## [About this task]
Repeat all of the data below word for word, keeping no images.

──────── Dataset extract ────────

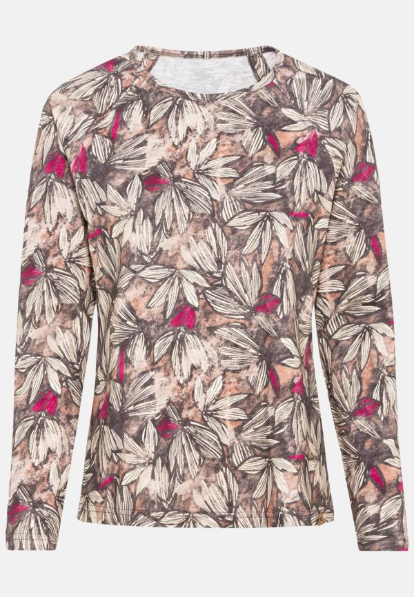 This long-sleeved shirt in organic cotton is a stylish basic that is instantly recognisable. The all-over floral print is a real eye-catcher. The high wearing comfort of the pure cotton quality makes the long-sleeved shirt a favourite top. The slub single jersey shirt has a classic regular fit, long raglan sleeves, a rounded neckline and a camel active logo embossed on the hem.
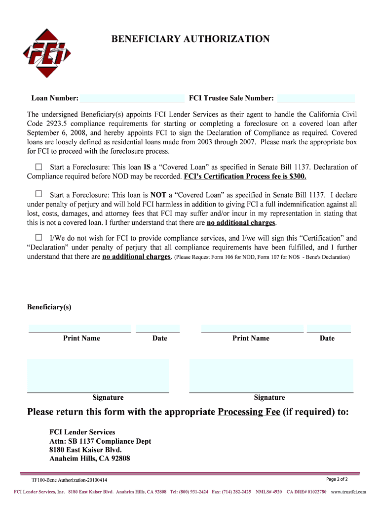 Get the free Beneficiary Authorization
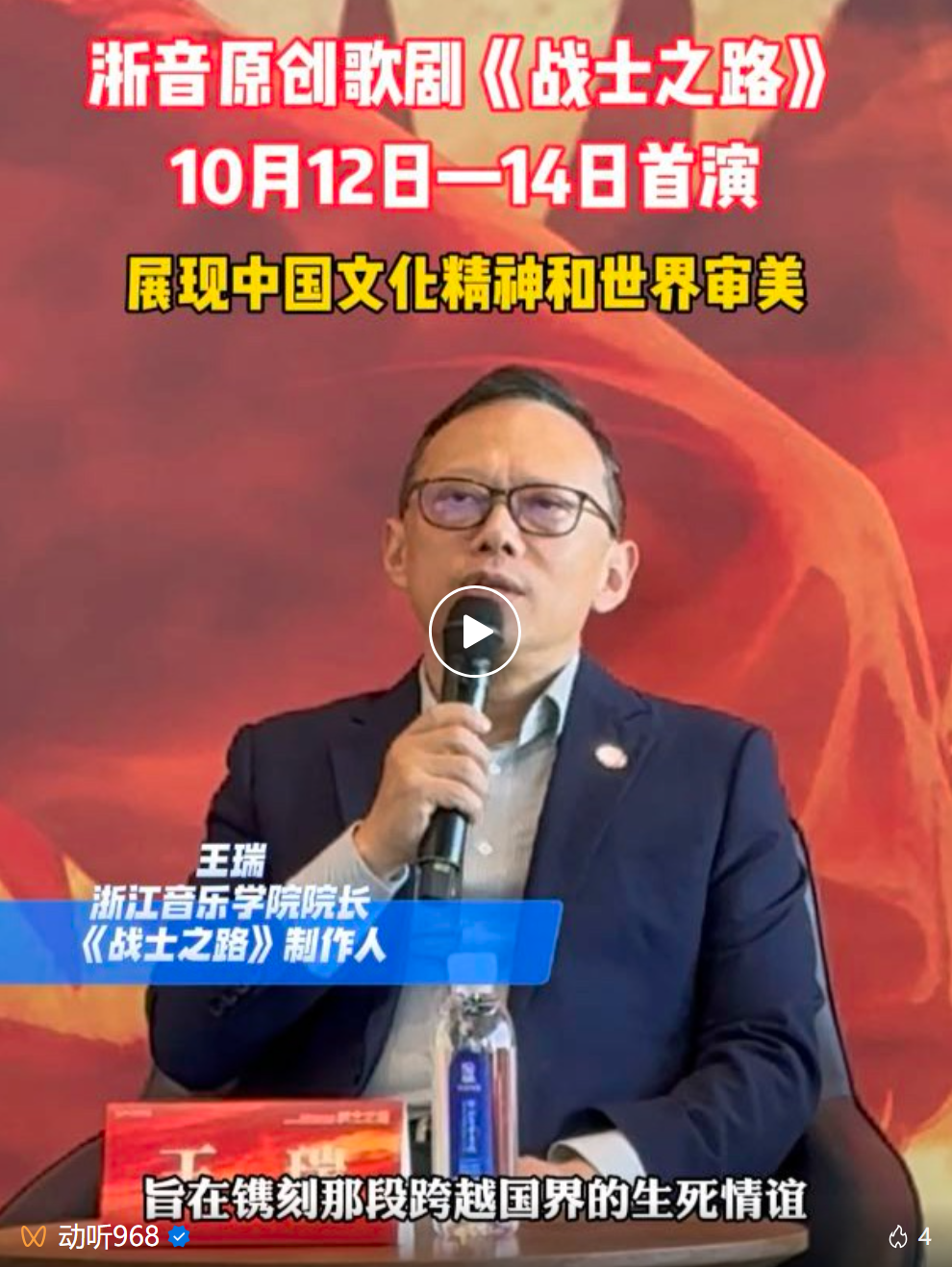 歌剧《战士之路》不仅融历史厚度、艺术高度与时代温度于一体,更以独特的艺术语言构筑起一座连接历史与当下的精神桥梁,通过震撼人心的舞台呈现,让抗战精神在当代观众心中焕发出新的光辉。正如意大利籍导演皮埃尔·弗朗切斯科·马埃斯特里尼所说:“这是一个激动人心的故事。它启示我们,在人民遭受攻击时,盟友间的合作与忠诚汇聚成的力量至关重要。在当今风起云涌的国际关系中,这种勇于反抗强权、彰显团结与正义的精神尤为珍贵。”王瑞也表示,希望通过艺术这一无国界的语言,将这份勇气、牺牲与守望相助传承下去,让今天的观众在艺术的震撼中,深刻理解历史的厚重与壮阔,更加珍视当下的和平,并携手开创一个更加光明的未来。“愿这部歌剧成为一座桥梁,连接历史与现实,传递永恒的记忆与希望。”

────────

## [The completed task]
 This long-sleeved shirt in organic cotton is a stylish basic that is instantly recognisable. The all-over floral print is a real eye-catcher. The high wearing comfort of the pure cotton quality makes the long-sleeved shirt a favourite top. The slub single jersey shirt has a classic regular fit, long raglan sleeves, a rounded neckline and a camel active logo embossed on the hem.
 Get the free Beneficiary Authorization
 歌剧《战士之路》不仅融历史厚度、艺术高度与时代温度于一体,更以独特的艺术语言构筑起一座连接历史与当下的精神桥梁,通过震撼人心的舞台呈现,让抗战精神在当代观众心中焕发出新的光辉。正如意大利籍导演皮埃尔·弗朗切斯科·马埃斯特里尼所说:“这是一个激动人心的故事。它启示我们,在人民遭受攻击时,盟友间的合作与忠诚汇聚成的力量至关重要。在当今风起云涌的国际关系中,这种勇于反抗强权、彰显团结与正义的精神尤为珍贵。”王瑞也表示,希望通过艺术这一无国界的语言,将这份勇气、牺牲与守望相助传承下去,让今天的观众在艺术的震撼中,深刻理解历史的厚重与壮阔,更加珍视当下的和平,并携手开创一个更加光明的未来。“愿这部歌剧成为一座桥梁,连接历史与现实,传递永恒的记忆与希望。”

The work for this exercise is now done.